(Records from a collection)
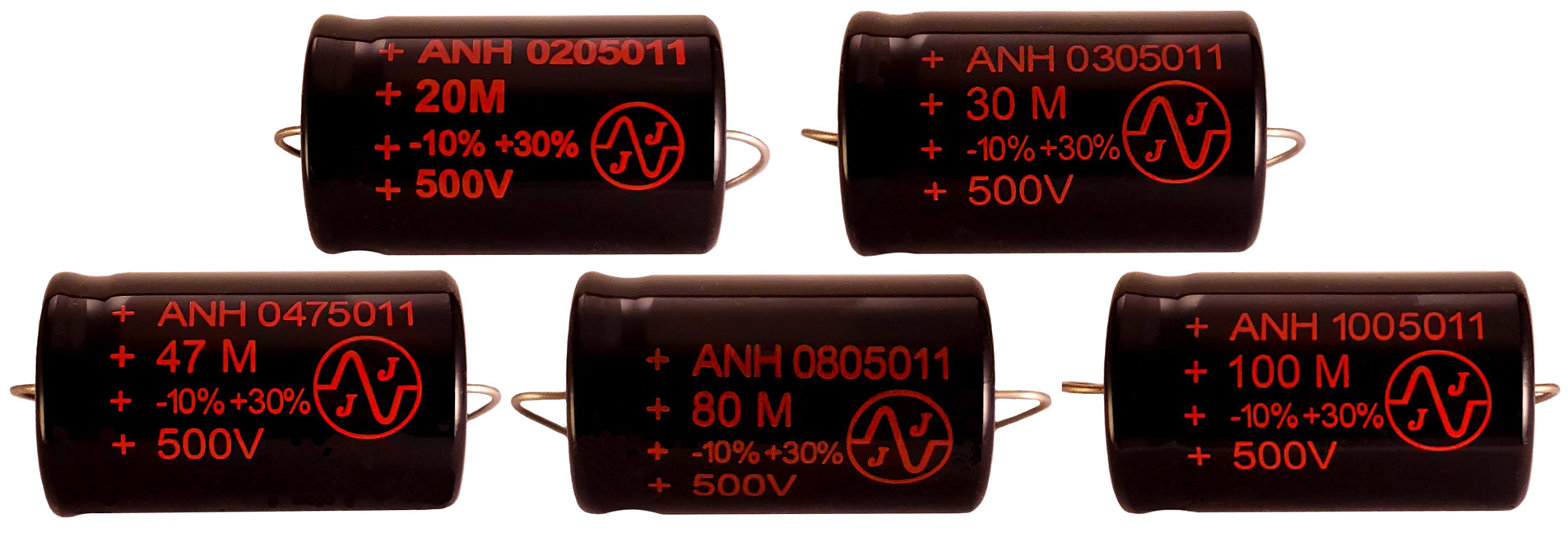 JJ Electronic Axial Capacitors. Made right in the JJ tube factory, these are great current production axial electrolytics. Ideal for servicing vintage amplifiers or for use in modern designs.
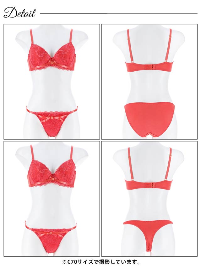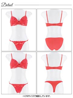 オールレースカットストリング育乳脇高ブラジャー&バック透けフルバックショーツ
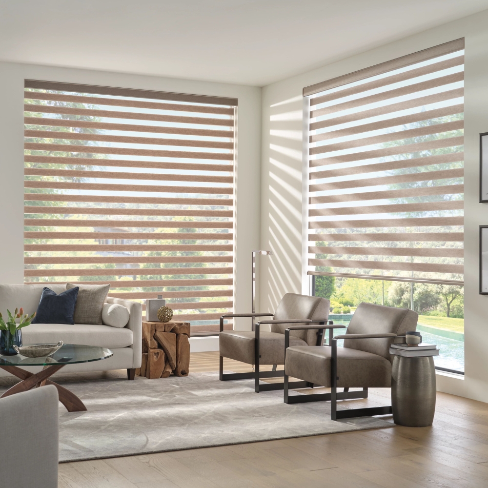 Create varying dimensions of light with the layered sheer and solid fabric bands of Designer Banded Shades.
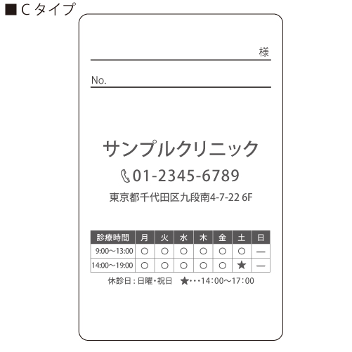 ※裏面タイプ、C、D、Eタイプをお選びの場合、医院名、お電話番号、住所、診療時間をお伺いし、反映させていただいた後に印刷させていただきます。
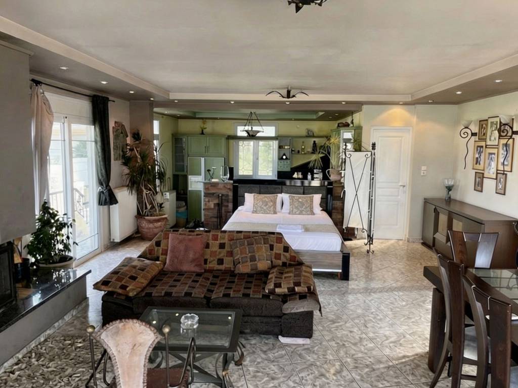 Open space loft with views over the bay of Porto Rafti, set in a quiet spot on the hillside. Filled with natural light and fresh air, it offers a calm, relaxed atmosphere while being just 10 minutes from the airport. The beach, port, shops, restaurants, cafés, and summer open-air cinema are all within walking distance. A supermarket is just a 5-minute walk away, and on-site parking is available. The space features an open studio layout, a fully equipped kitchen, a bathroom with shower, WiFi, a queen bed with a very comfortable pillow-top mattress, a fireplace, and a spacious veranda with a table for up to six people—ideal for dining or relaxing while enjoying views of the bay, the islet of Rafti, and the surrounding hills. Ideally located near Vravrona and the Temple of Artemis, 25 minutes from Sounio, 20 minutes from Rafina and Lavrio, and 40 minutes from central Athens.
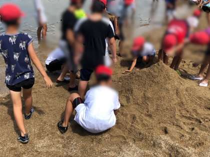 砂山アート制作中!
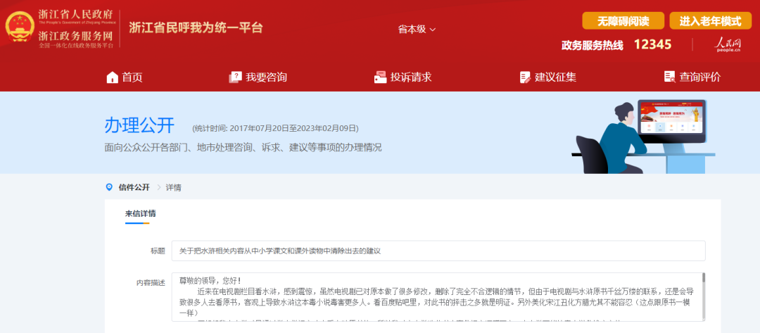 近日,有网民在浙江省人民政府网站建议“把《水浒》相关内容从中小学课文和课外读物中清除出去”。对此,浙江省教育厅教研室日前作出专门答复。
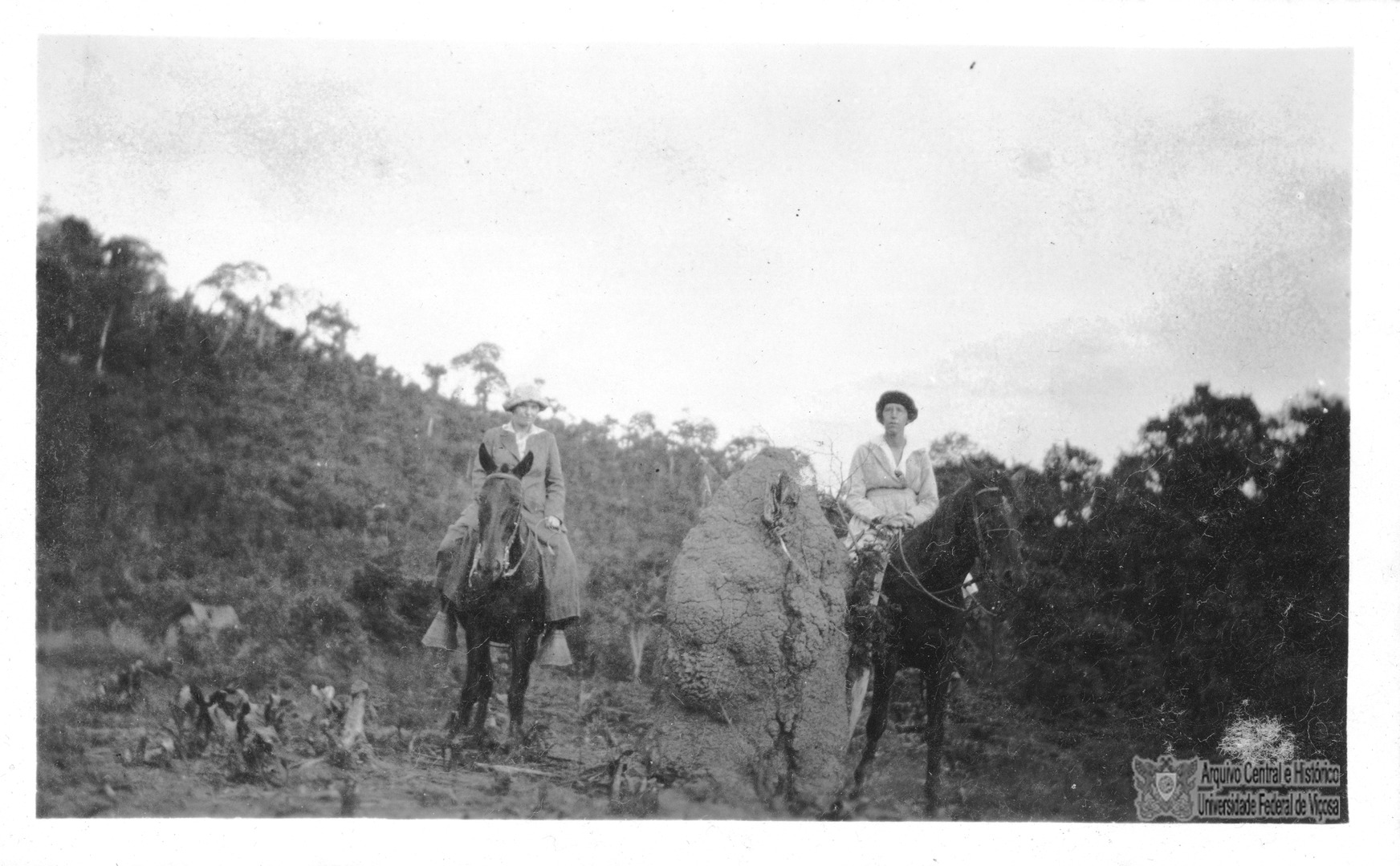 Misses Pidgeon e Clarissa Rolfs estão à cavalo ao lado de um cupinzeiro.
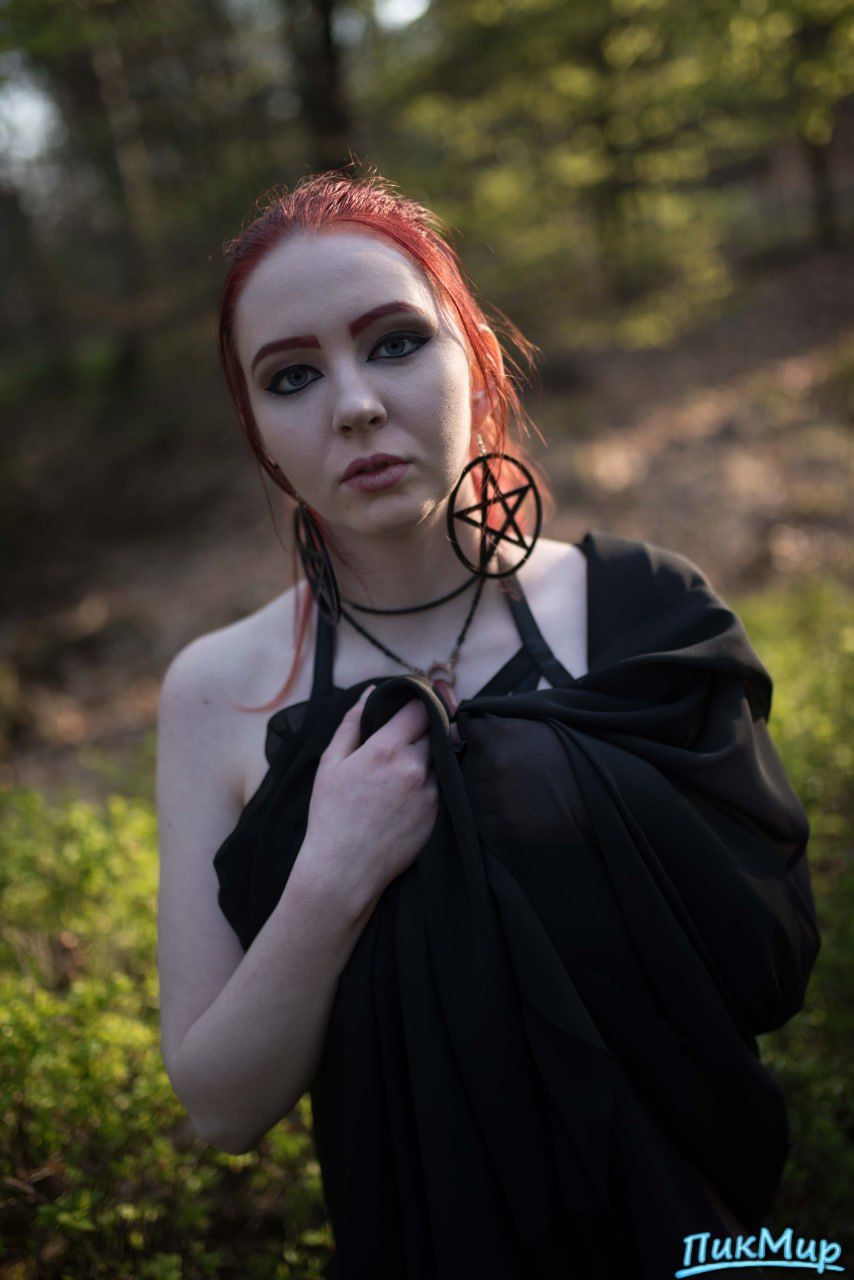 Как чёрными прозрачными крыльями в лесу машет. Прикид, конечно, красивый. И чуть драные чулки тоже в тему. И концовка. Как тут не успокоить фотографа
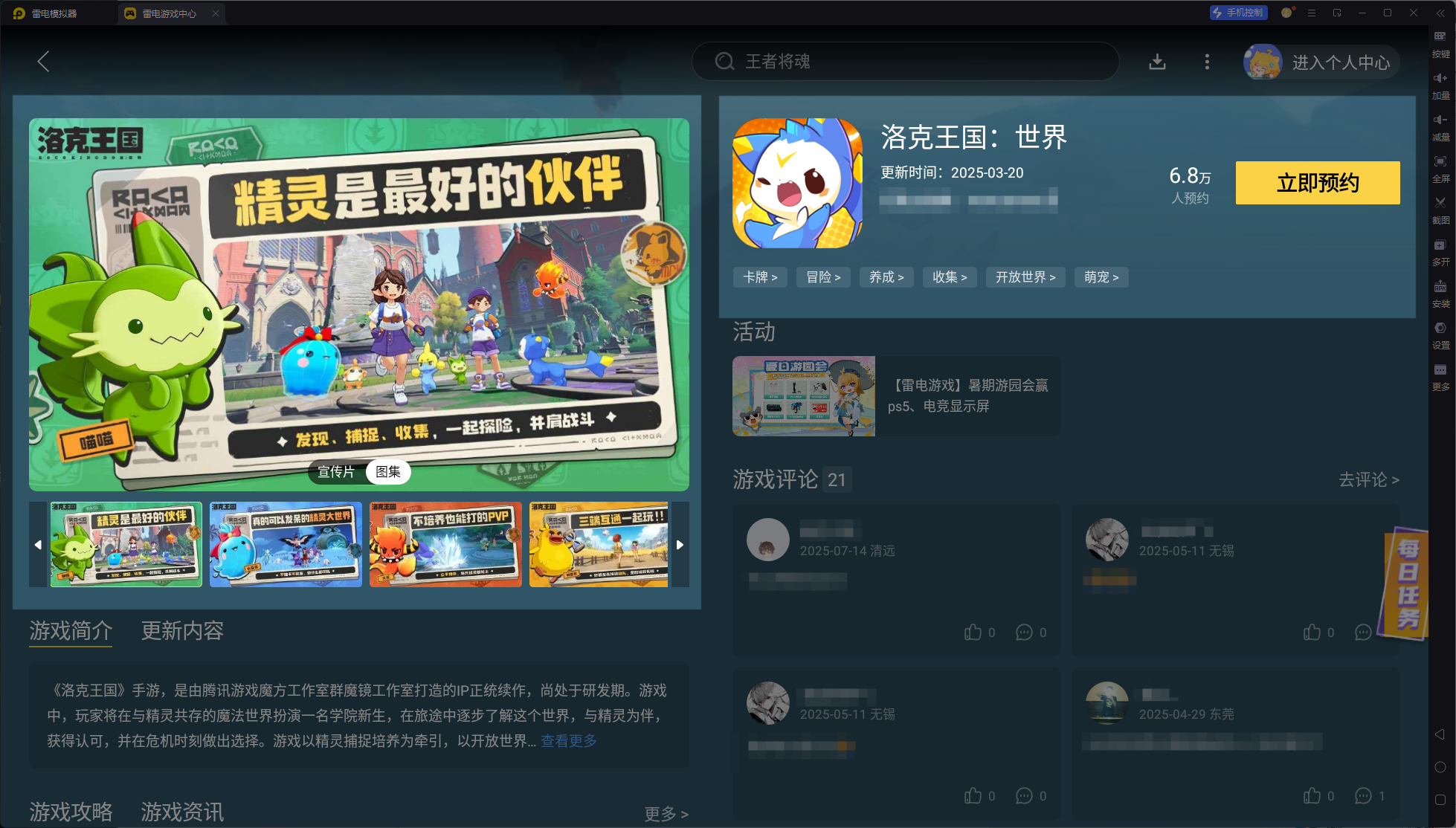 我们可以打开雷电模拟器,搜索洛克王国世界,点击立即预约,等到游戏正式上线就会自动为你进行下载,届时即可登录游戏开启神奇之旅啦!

What needs to be done: The expected response is every entry above, repeated exactly, pictures removed.

Exercise response:
 JJ Electronic Axial Capacitors. Made right in the JJ tube factory, these are great current production axial electrolytics. Ideal for servicing vintage amplifiers or for use in modern designs.
 オールレースカットストリング育乳脇高ブラジャー&バック透けフルバックショーツ
 Create varying dimensions of light with the layered sheer and solid fabric bands of Designer Banded Shades.
 ※裏面タイプ、C、D、Eタイプをお選びの場合、医院名、お電話番号、住所、診療時間をお伺いし、反映させていただいた後に印刷させていただきます。
 Open space loft with views over the bay of Porto Rafti, set in a quiet spot on the hillside. Filled with natural light and fresh air, it offers a calm, relaxed atmosphere while being just 10 minutes from the airport. The beach, port, shops, restaurants, cafés, and summer open-air cinema are all within walking distance. A supermarket is just a 5-minute walk away, and on-site parking is available. The space features an open studio layout, a fully equipped kitchen, a bathroom with shower, WiFi, a queen bed with a very comfortable pillow-top mattress, a fireplace, and a spacious veranda with a table for up to six people—ideal for dining or relaxing while enjoying views of the bay, the islet of Rafti, and the surrounding hills. Ideally located near Vravrona and the Temple of Artemis, 25 minutes from Sounio, 20 minutes from Rafina and Lavrio, and 40 minutes from central Athens.
 砂山アート制作中!
 近日,有网民在浙江省人民政府网站建议“把《水浒》相关内容从中小学课文和课外读物中清除出去”。对此,浙江省教育厅教研室日前作出专门答复。
 Misses Pidgeon e Clarissa Rolfs estão à cavalo ao lado de um cupinzeiro.
 Как чёрными прозрачными крыльями в лесу машет. Прикид, конечно, красивый. И чуть драные чулки тоже в тему. И концовка. Как тут не успокоить фотографа
 我们可以打开雷电模拟器,搜索洛克王国世界,点击立即预约,等到游戏正式上线就会自动为你进行下载,届时即可登录游戏开启神奇之旅啦!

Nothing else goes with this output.